Quant on voit la petite différence au final et que l’on met en colonne Débit tout le déchet engendré par la touche et les pénalités, il y a de quoi reprendre espoir côté Stade Français. L’effectif composant l’équipe est suffisamment expérimenté pour être capable de corriger le tir quasi-immédiatement au niveau de la discipline s’il le désire vraiment ( d’où l’importance aussi pour les joueurs de se prendre en main ). De plus, si l’équipe commence à aller mieux physiquement et si la victoire revient, les fautes disparaîtront naturellement grâce à la confiance retrouvée des joueurs dans leur organisation. Pour la touche, il y a, bien sûr, obligation à multiplier les séances de travail mais avec le retour de Papé en plus des Rabadan, Leguizamon, Marchois et Auradou, l’effectif Parisien a de quoi être performant et Dimitri Szarzewski n’est pas devenu un mauvais lanceur en l’espace de quelques semaines. Pour la mêlée, avec Sylvain Marconnet à droite dès le début du match, il n’y a pas de soucis particulier à avoir.
Une organisation offensive à parfaire :
Autant j’étais critique sur la capacité d’attaque des Parisiens ces derniers temps, autant j’ai vu du mieux de ce côté là ce week-end. Augustin Pichot a été capable, à ma surprise, d’amener une accélération au niveau de la transmission et a surtout fait de bon choix dans l’animation offensive. Sur 50 minutes par match, il peut énormément apporter à ce niveau-là. Ensuite, le repositionnement de Gasnier à l’aile et le choix d’une paire de centre Messina – Bastareaud, même si tout n’est pas parfait, loin de là, s’est révélé plutôt judicieux.
Il est évident que le retour de Juan-Martin Hernandez, qui plus est, reposé, sera un plus pour l’équipe. Sa position posera, bien sûr, débat. Comme il serait dommage de se priver d’un Beauxis bon animateur de la sa ligne de trois-quart, le prodige Argentin pourrait finir la saison à l’arrière, poste où il sera encore plus libre pour amener sa créativité et sa vitesse à une équipe qui en manque un peu cette saison sur les extérieurs. Ainsi aussi, les défenses adverses sera moins polarisées sur les zones proches des points de rencontre et auront tendance à mieux s’étaler sur la largeur, ce qui offrira des opportunités à une 3ième ligne Parisienne trop surveillée actuellement pour peser sur les matchs et faire la différence.
L’obligation d’un esprit commando :
Les Parisiens ont 4 matchs pour retrouver une dynamique de la victoire avant leur demi-finale et se forger un esprit de corps pour réussir une bonne fin de saison.

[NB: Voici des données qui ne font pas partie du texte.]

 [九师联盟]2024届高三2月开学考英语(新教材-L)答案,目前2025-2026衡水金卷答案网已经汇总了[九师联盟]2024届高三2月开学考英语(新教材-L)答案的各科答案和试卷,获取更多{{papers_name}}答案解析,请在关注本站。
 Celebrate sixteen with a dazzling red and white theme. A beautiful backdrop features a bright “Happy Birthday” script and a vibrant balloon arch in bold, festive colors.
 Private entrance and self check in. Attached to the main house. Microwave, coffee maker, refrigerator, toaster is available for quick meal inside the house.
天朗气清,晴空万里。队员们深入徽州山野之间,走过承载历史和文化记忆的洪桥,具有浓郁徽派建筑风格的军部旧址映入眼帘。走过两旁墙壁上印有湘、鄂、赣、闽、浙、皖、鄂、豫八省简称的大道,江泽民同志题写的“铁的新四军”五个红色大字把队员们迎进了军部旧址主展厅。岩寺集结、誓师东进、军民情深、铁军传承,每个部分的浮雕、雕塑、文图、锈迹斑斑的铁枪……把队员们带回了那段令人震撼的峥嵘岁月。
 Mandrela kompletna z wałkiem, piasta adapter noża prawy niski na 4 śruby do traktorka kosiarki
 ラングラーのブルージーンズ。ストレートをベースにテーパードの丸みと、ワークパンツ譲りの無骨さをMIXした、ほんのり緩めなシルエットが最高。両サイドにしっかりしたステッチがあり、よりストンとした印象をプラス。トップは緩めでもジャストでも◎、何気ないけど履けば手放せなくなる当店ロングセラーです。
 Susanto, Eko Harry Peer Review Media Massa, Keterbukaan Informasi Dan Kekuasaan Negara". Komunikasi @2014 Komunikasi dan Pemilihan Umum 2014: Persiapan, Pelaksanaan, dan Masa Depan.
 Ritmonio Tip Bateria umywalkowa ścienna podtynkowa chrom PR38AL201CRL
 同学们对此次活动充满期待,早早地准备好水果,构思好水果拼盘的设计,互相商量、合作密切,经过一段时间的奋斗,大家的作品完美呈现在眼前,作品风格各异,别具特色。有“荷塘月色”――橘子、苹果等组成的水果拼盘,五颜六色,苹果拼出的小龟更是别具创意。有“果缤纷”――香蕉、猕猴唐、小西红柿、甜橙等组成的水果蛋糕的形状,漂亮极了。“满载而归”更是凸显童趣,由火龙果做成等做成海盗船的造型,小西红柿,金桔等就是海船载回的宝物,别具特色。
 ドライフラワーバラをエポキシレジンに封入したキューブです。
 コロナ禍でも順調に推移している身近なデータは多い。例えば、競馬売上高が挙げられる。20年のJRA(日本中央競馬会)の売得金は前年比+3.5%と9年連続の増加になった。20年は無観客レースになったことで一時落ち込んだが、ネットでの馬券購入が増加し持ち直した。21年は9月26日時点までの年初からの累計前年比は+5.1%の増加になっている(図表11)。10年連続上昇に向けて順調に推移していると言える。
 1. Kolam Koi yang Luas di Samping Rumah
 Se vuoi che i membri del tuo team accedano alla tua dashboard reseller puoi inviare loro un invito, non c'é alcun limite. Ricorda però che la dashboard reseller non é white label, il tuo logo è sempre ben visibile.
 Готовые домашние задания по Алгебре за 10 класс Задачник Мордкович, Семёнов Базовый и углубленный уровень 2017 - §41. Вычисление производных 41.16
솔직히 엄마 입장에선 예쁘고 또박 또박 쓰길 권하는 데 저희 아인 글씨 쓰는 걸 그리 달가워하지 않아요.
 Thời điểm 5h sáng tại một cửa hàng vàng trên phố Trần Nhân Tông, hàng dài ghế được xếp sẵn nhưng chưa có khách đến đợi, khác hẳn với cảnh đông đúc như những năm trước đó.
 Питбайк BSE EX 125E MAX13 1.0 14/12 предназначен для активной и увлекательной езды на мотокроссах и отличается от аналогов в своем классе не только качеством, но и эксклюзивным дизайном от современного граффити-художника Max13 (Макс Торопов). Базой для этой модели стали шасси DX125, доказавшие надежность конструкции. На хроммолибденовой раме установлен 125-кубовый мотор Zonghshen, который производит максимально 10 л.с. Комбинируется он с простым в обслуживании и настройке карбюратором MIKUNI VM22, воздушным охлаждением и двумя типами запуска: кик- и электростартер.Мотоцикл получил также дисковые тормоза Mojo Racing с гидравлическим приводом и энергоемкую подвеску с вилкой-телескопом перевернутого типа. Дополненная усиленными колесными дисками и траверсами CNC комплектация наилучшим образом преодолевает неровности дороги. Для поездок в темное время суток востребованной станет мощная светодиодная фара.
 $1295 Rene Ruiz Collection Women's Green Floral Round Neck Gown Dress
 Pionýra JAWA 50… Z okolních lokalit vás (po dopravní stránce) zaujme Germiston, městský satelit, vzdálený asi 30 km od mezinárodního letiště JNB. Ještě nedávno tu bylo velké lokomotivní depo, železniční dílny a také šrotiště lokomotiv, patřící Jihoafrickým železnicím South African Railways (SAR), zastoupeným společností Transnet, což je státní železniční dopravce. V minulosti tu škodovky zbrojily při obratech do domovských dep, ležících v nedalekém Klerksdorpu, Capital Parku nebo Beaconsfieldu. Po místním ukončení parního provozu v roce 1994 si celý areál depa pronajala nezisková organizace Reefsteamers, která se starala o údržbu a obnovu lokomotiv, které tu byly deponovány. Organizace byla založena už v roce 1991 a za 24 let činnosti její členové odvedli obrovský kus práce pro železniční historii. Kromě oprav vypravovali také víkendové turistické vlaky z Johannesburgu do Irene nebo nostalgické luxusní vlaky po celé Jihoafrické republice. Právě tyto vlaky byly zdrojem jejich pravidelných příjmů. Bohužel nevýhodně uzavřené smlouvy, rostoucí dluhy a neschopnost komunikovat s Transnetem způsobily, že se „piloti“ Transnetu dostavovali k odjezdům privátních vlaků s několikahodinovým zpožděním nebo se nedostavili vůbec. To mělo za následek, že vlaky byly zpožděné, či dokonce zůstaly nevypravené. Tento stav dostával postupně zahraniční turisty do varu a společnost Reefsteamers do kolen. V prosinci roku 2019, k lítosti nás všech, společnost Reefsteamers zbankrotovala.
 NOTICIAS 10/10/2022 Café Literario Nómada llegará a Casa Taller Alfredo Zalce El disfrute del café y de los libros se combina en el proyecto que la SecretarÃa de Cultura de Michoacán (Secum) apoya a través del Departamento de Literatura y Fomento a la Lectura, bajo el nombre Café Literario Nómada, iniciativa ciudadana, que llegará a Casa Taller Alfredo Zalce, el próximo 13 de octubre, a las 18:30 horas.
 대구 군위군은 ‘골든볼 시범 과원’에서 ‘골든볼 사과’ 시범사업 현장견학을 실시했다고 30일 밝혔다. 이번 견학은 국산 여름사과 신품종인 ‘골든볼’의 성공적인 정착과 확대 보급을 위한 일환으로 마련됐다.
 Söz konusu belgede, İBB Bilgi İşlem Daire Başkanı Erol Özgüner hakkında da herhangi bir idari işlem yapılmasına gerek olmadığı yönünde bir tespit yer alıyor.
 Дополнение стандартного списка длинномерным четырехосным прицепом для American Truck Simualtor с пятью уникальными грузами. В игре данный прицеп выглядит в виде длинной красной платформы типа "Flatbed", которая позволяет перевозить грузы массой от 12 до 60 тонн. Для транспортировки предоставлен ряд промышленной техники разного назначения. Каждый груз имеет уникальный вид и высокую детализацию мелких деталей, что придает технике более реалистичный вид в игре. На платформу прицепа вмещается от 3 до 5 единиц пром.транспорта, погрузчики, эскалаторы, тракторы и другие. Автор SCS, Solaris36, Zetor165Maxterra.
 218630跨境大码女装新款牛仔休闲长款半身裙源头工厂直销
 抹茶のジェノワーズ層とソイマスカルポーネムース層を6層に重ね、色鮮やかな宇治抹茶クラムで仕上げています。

Il est indispensable qu’une équipe type se dégage, plus exactement un groupe de 22 où deux ou trois permutation sont possibles selon les adversaires, et que celle-ci se construise une histoire en enchainant 4 victoires avant les demi-finales. Montpellier à Jean Bouin, déplacement à Castres, réception de Biarritz et déplacement à Bayonne, d’une certaine manière c’est le calendrier idéal pour préparer les demi-finales. Aux joueurs Parisiens d’inverser maintenant le cours des choses en prenant le pouvoir aussi bien dans le vestiaire que sur le terrain.